Among the oral agents, teriflunomide is an option for many patients. It carries an overall 32% reduction in RR of relapse and a 30% decrease in HR for disability progression. Hepatic and renal function must be monitored, and patients should be counseled about risk for neuropathy, alopecia, and hypertension. Blood pressure should be monitored regularly. Teriflunomide is pregnancy category X, with teratogenicity shown in animal models (though available human data do not show elevated risk of adverse pregnancy outcomes). Clinicians should provide pretreatment counseling to avoid pregnancy; if pregnancy should occur, the drug should be eliminated immediately with cholestyramine or activated charcoal.
Dimethyl fumarate is taken as a twice-daily capsule, and shows an overall 53% decrease in RR of relapse and a 38% reduction in HR for disability progression. There is a theoretic risk of PML with this medication, so checking JCV serology before starting treatment is recommended. Baseline and follow-up CBC and liver function testing can monitor for the risk of elevated liver enzymes and lymphopenia. GI side effects are common; flushing can be minimized with the co-administration of aspirin.

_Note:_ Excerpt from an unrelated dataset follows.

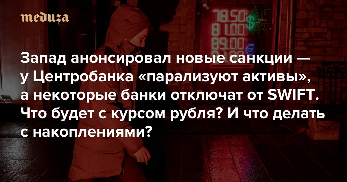Запад анонсировал новые санкции — у Центробанка «парализуют активы», а некоторые банки отключат от SWIFT. Что будет с курсом рубля? И что делать с накоплениями?

Returning to treatment strategies, Cree proposed considering a “maximal efficacy” rather than a tiered approach. In this model, the most efficacious treatment should be the first one considered, if patient characteristics allow. Natalizumab might then be the first drug considered for JCV-negative individuals. Fingolimod would also be an initial choice, with efficacy arguably superior to the interferons. Cree also made the point that oral medications are better tolerated and may result in better adherence than self-injectibles, another important consideration.
The maximal efficacy approach may allow for early disease modification, reducing inflammation initially, with later transition to a “maintenance” phase with what are now considered first-line treatments. This treatment strategy, with initial use of potentially cytotoxic medications to modify disease course, borrows from oncology. Cree encouraged industry and academia to conduct more long-term observational studies comparing the two approaches; in this way, clinicians can be guided to help patients reach the best outcomes.